Ella era, en aquel momento, la mujer más hermosa que había visto nunca. La más apetecible y tenía unos labios… nunca había visto una boca tan perfecta; le parecía única.
¿Qué diantres estaba haciendo? se preguntó Meredith cuando su espalda tocó el colchón, pero de inmediato rechazó aquella pregunta porque había soñado con ese momento... Con él. Cuando por fin se decidió a abrir sus párpados, no le importó condenarse a sí misma al afirmar que le parecía el hombre más fastuoso a pesar de no comprenderlo. Su rostro era austero, con rasgos que descollaban en lo clásico. Era hermoso, pero impregnado de masculinidad. Tal y como lo había imaginado en sus sueños, tenía hombros y torso amplios, abdomen firme y con músculos que se contraían en movimiento. Su piel, ligeramente dorada al resplandor del fuego, olía a madera… a limpio… a hombre.
Tembló cuando aquella mirada ardiente le recorrió todo el cuerpo. El matiz que desprendía sus ojos le pareció el color más precioso que había visto jamás: ojos verdes, tan sensuales como lo habían sido siempre los de un felino, cautelosos y preservados tras sus tupidas pestañas negras.
El indefectible dueño de su vida, bajó de nuevo la cabeza hasta su cuello para besarla e inspiró su aroma. Estaba poseída por aquella fragancia tan varonil que desprendía su piel. Su carne comenzó a arder con el roce de su tacto que parecía seda ardiente. Sus labios la quemaban a medida que la recorría con besos firmes y húmedos. La boca de él se detuvo por un instante en su ombligo y ella inspiró con brusquedad por el intrínseco juego de su lengua que descendía despacio hacia su sexo. Entonces, todo se nubló en su mente y algo en ella se quebró. La desesperación la hizo su presa y de un modo inevitable, hundió los dedos en los cabellos de James.

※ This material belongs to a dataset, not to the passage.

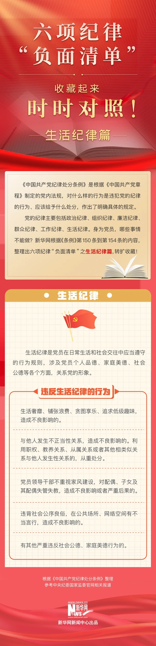 當(dāng)前,全黨正在開展黨紀(jì)學(xué)習(xí)教育。這次黨紀(jì)學(xué)習(xí)教育明確要聚焦解決一些黨員、干部對黨規(guī)黨紀(jì)不上心、不了解、不掌握等問題,組織黨員特別是黨員領(lǐng)導(dǎo)干部認(rèn)真學(xué)習(xí)《中國共產(chǎn)黨紀(jì)律處分條例》,做到學(xué)紀(jì)、知紀(jì)、明紀(jì)、守紀(jì),搞清楚黨的紀(jì)律規(guī)矩是什么,弄明白能干什么、不能干什么,把遵規(guī)守紀(jì)刻印在心,內(nèi)化為言行準(zhǔn)則,進(jìn)一步強(qiáng)化紀(jì)律意識、加強(qiáng)自我約束、提高免疫能力,增強(qiáng)政治定力、紀(jì)律定力、道德定力、抵腐定力,始終做到忠誠干凈擔(dān)當(dāng)。今天推出“負(fù)面清單”之生活紀(jì)律篇,一起收藏學(xué)習(xí)。

Cerró sus párpados y su lengua comenzó a pronunciar palabras incoherentes, entre sonidos, gemidos y susurros. No podía dejar de arquear la espalda, mientras James la mortificaba, degustaba y acariciaba. Tuvo que respirar profundo, una y otra vez, para no gritar como deseaba. Sus sentidos estaban colmados, la sangre corría por sus venas a un ritmo intermitente; todo su ser estaba centrado en lo que estaba sintiendo. Sabía que se estaba desmoronando y que llegaba a un límite, cuando sintió de pronto que había estallado en mil pedazos.